Claver Kamanya

Personal information
- Born: Claver Kamanya 25 March 1947 (age 79) Bukoba, Kagera, Tanganyika
- Height: 1.75 m (5 ft 9 in)
- Weight: 65 kg (143 lb)

Sport
- Country: Tanzania
- Sport: Athletics

Medal record
Men's Athletics
British Commonwealth Games
| Bronze medal – third place | 1974 Christchurch | 400 metres |

= Claver Kamanya =

Tanzanian sprinter

Claver Kamanya (born 25 March 1947) is a Tanzanian former athlete who specialised in sprinting events. Born in Bukoba, he represented Tanzania at two Olympic Games and won a bronze medal in the 400 metres at the 1974 British Commonwealth Games.
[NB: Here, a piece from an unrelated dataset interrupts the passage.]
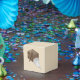 Um desenho de uma caixa de papelão de homem velho com barba branca e bigode. A caixa tem poeira, arredores, sol esmaecendo, água danificada, curvas, marcadores, tudo que o faz parecer velho. Ele também tem uma bengala com um topo curvo se inclinando contra ele. Uma caixa muito distinta.
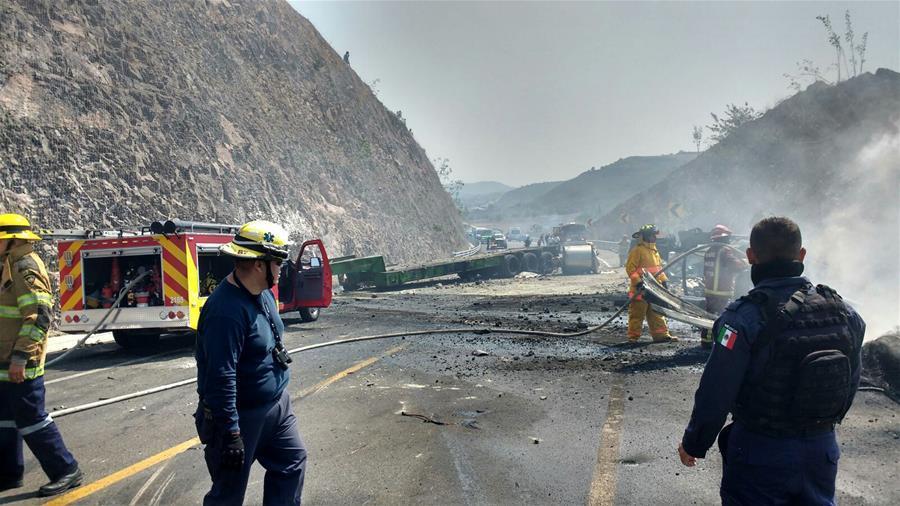 GUERRERO, abril 13, 2017 (Xinhua) -- Rescatistas laboran en el lugar donde se registró una colisión entre un autobús turístico y un camión cisterna, a la altura del kilómetro 300 de la autopista Siglo XXI, perteneciente a la localidad de Petacalco, en el estado de Guerrero, México, el 13 de abril de 2017. El saldo de la explosión de un camión pipa de combustible tras chocar con un autobús de pasajeros en una autopista en los límites de los estados de Guerrero y Michoacán, en el suroeste de México, aumentó el jueves a 24 muertos y 9 heridos, de acuerdo con las autoridades. (Xinhua/Str)

At the 1968 Summer Olympics he competed in the 400 metres and set his personal best time, 45.74, in the opening heats of the competition, which remains a national record. He was eliminated in the semi-finals stage after placing seventh.

Kamanya was Tanzania's flag bearer at the 1972 Summer Olympics where in addition to the 400 metres he competed in relays events. A quarter-finalist in the individual 400 metres, he raced in the heats for Tanzania in the 4 x 100 and 4 x 400 relays.